Wednesday, August 13, 2014

Recommended: Sherman's 300,000 and the Caliphate's 3 million

It is important to listen to people who have perspectives different than our own. The Asian Times Spengler columnist (actually David P Goldman, Senior Fellow at the London Center for Policy Research and the Was Family Fellow at the Middle East Forum) is one of those people we ought to listen to, because he comes at the world from a different perspective - not one we might find comfortable, but quite possibly one which is more in tune with reality than the common America views.

His recent piece Sherman's 300,000 and the Caliphate's 3 million is a good example.  While the administration and the UN struggle, largely ineffectually, to find a a way to contain the violence in the Middle East, he reminds us of General Sherman's comment in the Civil War, that it simply wouldn't be over until 300,000 more Southern soldiers died and the South simply couldn't find enough new volunteers to continue. Much the same is true, he argues, of the Middle East, except that the populations are larger so the number that need to die before the madness peters out is more like 3 million.

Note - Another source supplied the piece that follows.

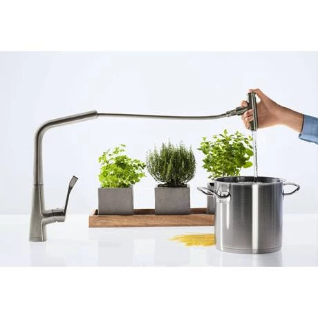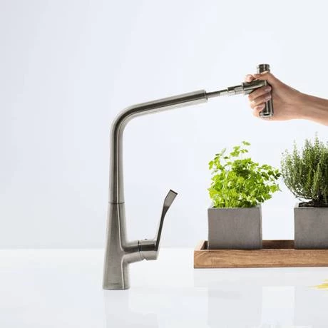 hansgrohe kitchen taps use water more efficiently and add a stylish highlight to any kitchen. The Metris M71 comes elegantly finished in scratch-resistant stainless steel finish. It features an intuitive Select button for maximum convenience – also saving on water consumption by encouraging the user to turn the mixer off when it isn’t needed. The swivel spout can be adjusted in 2 positions and comes in very handy when working to the right or left of the mixer while the pull out spray is perfect for rinsing and preparing food.

This sounds cruel and heartless, at least from the liberal America point of view (and certainly provoked a lot of nasty comments from readers who simply don't want to see the world that way), but it may well be reality, whether we like it or not. The problem, he argues, is rooted in the vast mass of young people born over the past few decades in a region that is simply incapable of supporting them or giving them meaningful jobs. The fighting, he predicts, will simply go on as long as there are enough young people left alive whose lives have no meaning outside of fighting and who have nothing to go back to if fighting ends - another thirty years war.

Certainly nothing we or our allies or the UN has done to date has addressed this root problem, and it is not clear that there is anything anyone could do to address it effectively, however much we wish we could do something.  A decade of American military interference in Iraq and Afghanistan certainly hasn't done anything to the help the cause; in fact, it seems to have made it worse. The fanatics of the Islamic State are now all well armed with good America weapons as a result of our well-meaning meddling.

It is worth reading this piece, somber as it is, and pondering if he isn't perhaps right.